**What you will do**:
Exclude the pictures and reproduce the remaining data exactly as written.

[Stored entries]

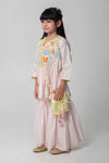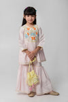 PASTEL PINK SHARARA SET, WITH CHIC PATCHWORK AND INTRICATE EMBROIDERY. THE SHARAR PANTS ADD VOLUME AND FLAIR GIVING YOUR LOOK THAT PERFECT FESTIVE LOOK. GIVE A BEAUTIFUL VIBRANT POTLI BAD ALONG
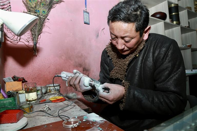 “叮叮當(dāng)當(dāng)……”近日,記者走進(jìn)墨竹工卡縣尼瑪江熱鄉(xiāng)宗雪村,被一陣短促而有力的敲打聲吸引。循聲而入,記者來(lái)到恰扎飾品加工店,展示架上琳瑯滿目的首飾讓人目不暇接:阿吉祖玉、銀手鐲、銀戒指、銀碗……
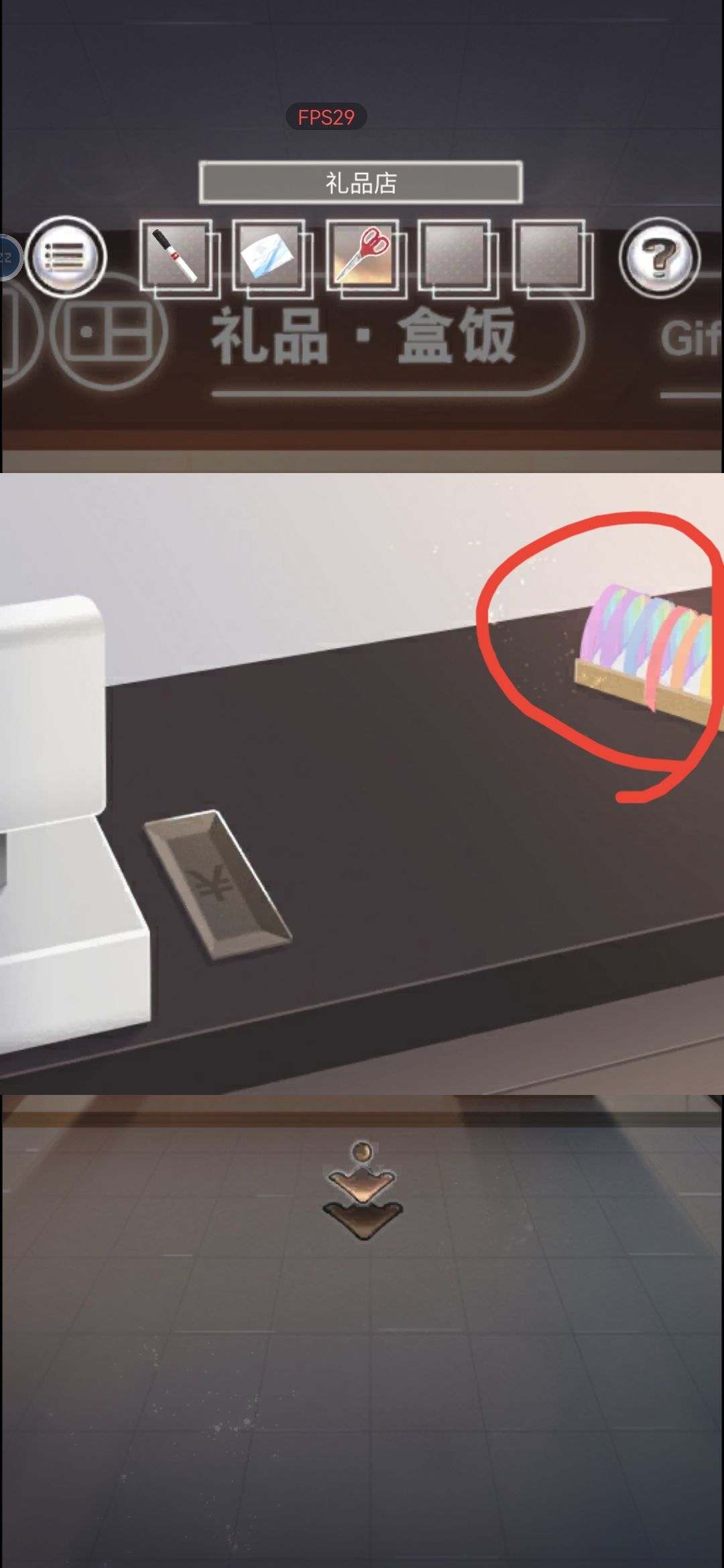2.去礼品店点击右边的纸盒拿到笔,再点击收银台,用剪刀剪缎带
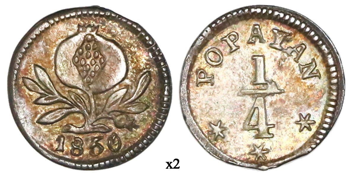 Popayan, Colombia, 1/4 real, 1850. Restrepo-175.3; KM-108.2. 0.79 gram. Richly rainbow toned over lustrous surfaces with no marks or notable wear (AU+), slightly crude rims (as made).
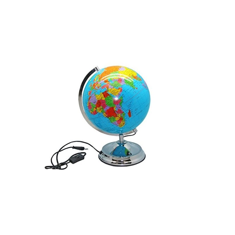Características Especificaciones Esfera geográfica con meridiano, fabricada en plástico de alta resistencia con una base metálica muy robusta y cartografía físico política. Con luz Medidas globo: 25 x 35 x 23 cm
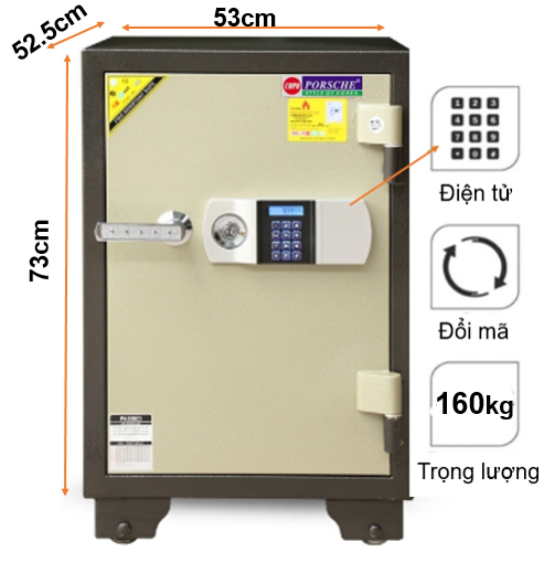 Két sắt PORSCHE KS160 điện tử được sản xuất theo công nghệ Hàn Quốc, không chỉ đảm bảo an toàn cho tài sản mà còn có màu sắc hợp phong thủy với nhiều ngôi nhà, là dòng sản phẩm két sắt hàn quốc được nhiều người tin dùng lựa chọn.
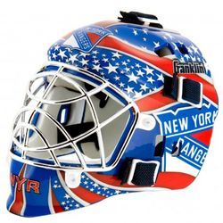 This collectible miniature goalie mask features an authentic pro-style mask/cage design with molded plastic vented shell with foam liner, a chrome finish "cat-eye" welded steel cage, full function adjustable back plate, and an approximate mask size of 5"x4". The mini’s have the same graphics as the full size series shown, with the exception of the Franklin/ NHL® logo on forehead area (on the mini it’s located on the mask back plate).. Made By Franklin Sports
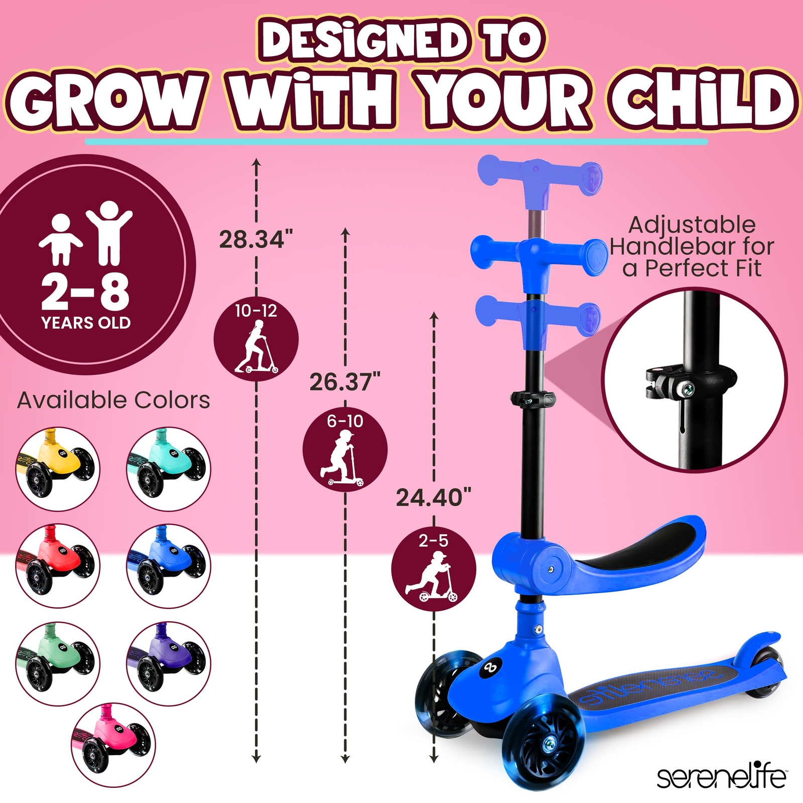 SereneLife 3-Wheel Foldable Kids LED Scooter w/Adjustable Handlebar Blue
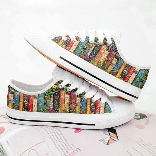 Book Lover Women's Low Top Shoes Floral Books
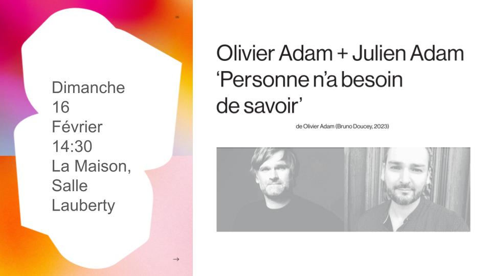« partout je me suis toujours cherché / mais j’ai toujours veillé / à ne jamais me trouver / de peur de me faire mal / de me faire la peau / de me régler enfin / mon compte. » Il y a l’empreinte d’un Georges Perros dans cette façon de se regarder en face. Franche. Désolée. Il y a surtout le premier et très inspiré recueil de poèmes d’Olivier Adam, fragments murmurés d’une « contrevie ». Du passé bien passé, bien perdu. Des manquements, des remords, des incompréhensions, des impossibilités à jouer la comédie. Ce rôle-là, il ne le tient pas « de travers ». Tout au contraire : c’est sa peau. Les deux frères ont adapté le recueil pour en faire un concert poétique.
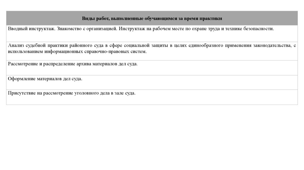 Виды работ, выполненные обучающимся за время практикиВводный инструктаж. Знакомство с организацией. Инструктаж на рабочем месте по охране труда и технике безопасности.
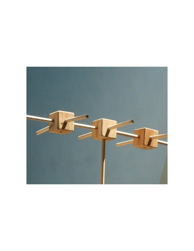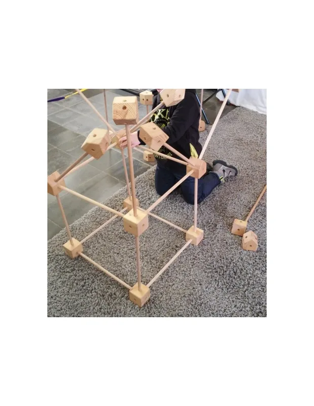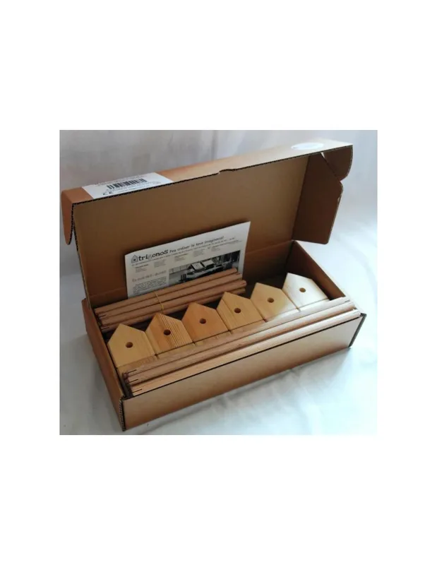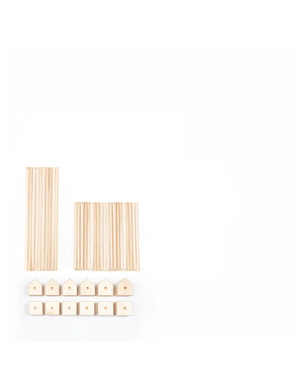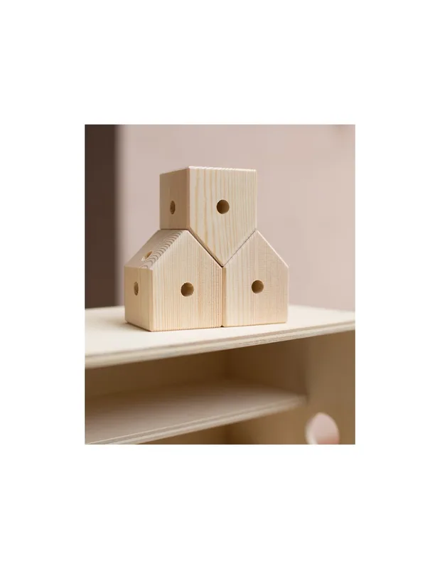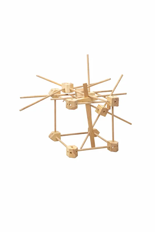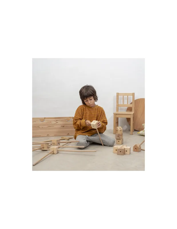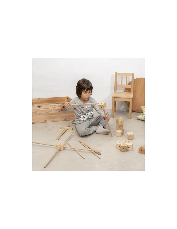 מארז התחלתי של Trigonos כולל 42 חלקי עץ – קוביות ומקלות – לבנייה חופשית ללא הוראות קבועות.
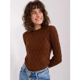Hnědý klasický svetr s dlouhými rukávy.
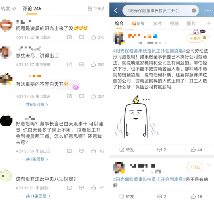 4月21日,“阳光保险董事长拉员工开会到凌晨”事件登上微博热搜。
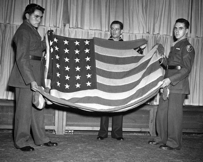 Камера Джо Розенталя схватила мгновенный своеобразный ремейк подвига морских пехотинцев США в разгар жесточайших боев водрузивших звездно-полосатый флаг над японским островом 23 февраля 1945 года. Почему ремейк? Просто тот первый флаг начальству показался недостаточно «видным» и был дан приказ установить другое – большое полотнище. Этот-то момент и запечатлен на единственном снимке корреспондента. Тут было не до постановки, в которой тогда, да и теперь нет-нет да и упрекнут Розенталя. С невероятной скоростью размноженный всеми возможными средствами в звании «кадра на все времена», снимок этот принес корреспонденту в том же году (вопреки регламенту, что беспрецедентно) престижнейшую Пулитцеровскую премию, а стране в облигациях военного займа миллиардные прибыли для завершения войны. Трое выживших с фотографии были отозваны в Америку и поставлены на службу агитационной кампании той практичной идеи Рузвельта по патриотическому сбору денег. Уже в конце 40-х эти трое повторят поднятие флага (кстати сказать, подлинного), точно следуя снимку, в кадрах художественного фильма «Пески Иводзимы» Аллана Дуона. Трагическая фигура единственного индейца на снимке Айры Хейза, не пережившего испытание «медными трубами», воспета и в широко исполняемой «Балладе об Айре Хейзе» и в 1961-м была воспроизведена на экране Тони Кертисом в «Аутсайдере» Дельберта Манна.
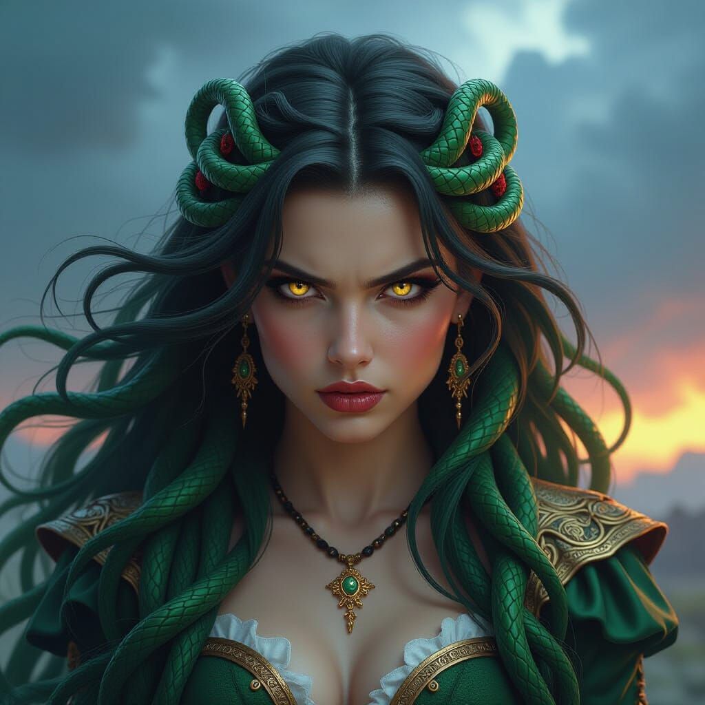 Generate your own powerful fantasy Medusa images with flowing green, snake-like hair. Free and easy AI art creation.

**Written response**:
 PASTEL PINK SHARARA SET, WITH CHIC PATCHWORK AND INTRICATE EMBROIDERY. THE SHARAR PANTS ADD VOLUME AND FLAIR GIVING YOUR LOOK THAT PERFECT FESTIVE LOOK. GIVE A BEAUTIFUL VIBRANT POTLI BAD ALONG
 “叮叮當(dāng)當(dāng)……”近日,記者走進(jìn)墨竹工卡縣尼瑪江熱鄉(xiāng)宗雪村,被一陣短促而有力的敲打聲吸引。循聲而入,記者來(lái)到恰扎飾品加工店,展示架上琳瑯滿目的首飾讓人目不暇接:阿吉祖玉、銀手鐲、銀戒指、銀碗……
2.去礼品店点击右边的纸盒拿到笔,再点击收银台,用剪刀剪缎带
 Popayan, Colombia, 1/4 real, 1850. Restrepo-175.3; KM-108.2. 0.79 gram. Richly rainbow toned over lustrous surfaces with no marks or notable wear (AU+), slightly crude rims (as made).
Características Especificaciones Esfera geográfica con meridiano, fabricada en plástico de alta resistencia con una base metálica muy robusta y cartografía físico política. Con luz Medidas globo: 25 x 35 x 23 cm
 Két sắt PORSCHE KS160 điện tử được sản xuất theo công nghệ Hàn Quốc, không chỉ đảm bảo an toàn cho tài sản mà còn có màu sắc hợp phong thủy với nhiều ngôi nhà, là dòng sản phẩm két sắt hàn quốc được nhiều người tin dùng lựa chọn.
 This collectible miniature goalie mask features an authentic pro-style mask/cage design with molded plastic vented shell with foam liner, a chrome finish "cat-eye" welded steel cage, full function adjustable back plate, and an approximate mask size of 5"x4". The mini’s have the same graphics as the full size series shown, with the exception of the Franklin/ NHL® logo on forehead area (on the mini it’s located on the mask back plate).. Made By Franklin Sports
 SereneLife 3-Wheel Foldable Kids LED Scooter w/Adjustable Handlebar Blue
 Book Lover Women's Low Top Shoes Floral Books
« partout je me suis toujours cherché / mais j’ai toujours veillé / à ne jamais me trouver / de peur de me faire mal / de me faire la peau / de me régler enfin / mon compte. » Il y a l’empreinte d’un Georges Perros dans cette façon de se regarder en face. Franche. Désolée. Il y a surtout le premier et très inspiré recueil de poèmes d’Olivier Adam, fragments murmurés d’une « contrevie ». Du passé bien passé, bien perdu. Des manquements, des remords, des incompréhensions, des impossibilités à jouer la comédie. Ce rôle-là, il ne le tient pas « de travers ». Tout au contraire : c’est sa peau. Les deux frères ont adapté le recueil pour en faire un concert poétique.
 Виды работ, выполненные обучающимся за время практикиВводный инструктаж. Знакомство с организацией. Инструктаж на рабочем месте по охране труда и технике безопасности.
 מארז התחלתי של Trigonos כולל 42 חלקי עץ – קוביות ומקלות – לבנייה חופשית ללא הוראות קבועות.
Hnědý klasický svetr s dlouhými rukávy.
 4月21日,“阳光保险董事长拉员工开会到凌晨”事件登上微博热搜。
 Камера Джо Розенталя схватила мгновенный своеобразный ремейк подвига морских пехотинцев США в разгар жесточайших боев водрузивших звездно-полосатый флаг над японским островом 23 февраля 1945 года. Почему ремейк? Просто тот первый флаг начальству показался недостаточно «видным» и был дан приказ установить другое – большое полотнище. Этот-то момент и запечатлен на единственном снимке корреспондента. Тут было не до постановки, в которой тогда, да и теперь нет-нет да и упрекнут Розенталя. С невероятной скоростью размноженный всеми возможными средствами в звании «кадра на все времена», снимок этот принес корреспонденту в том же году (вопреки регламенту, что беспрецедентно) престижнейшую Пулитцеровскую премию, а стране в облигациях военного займа миллиардные прибыли для завершения войны. Трое выживших с фотографии были отозваны в Америку и поставлены на службу агитационной кампании той практичной идеи Рузвельта по патриотическому сбору денег. Уже в конце 40-х эти трое повторят поднятие флага (кстати сказать, подлинного), точно следуя снимку, в кадрах художественного фильма «Пески Иводзимы» Аллана Дуона. Трагическая фигура единственного индейца на снимке Айры Хейза, не пережившего испытание «медными трубами», воспета и в широко исполняемой «Балладе об Айре Хейзе» и в 1961-м была воспроизведена на экране Тони Кертисом в «Аутсайдере» Дельберта Манна.
 Generate your own powerful fantasy Medusa images with flowing green, snake-like hair. Free and easy AI art creation.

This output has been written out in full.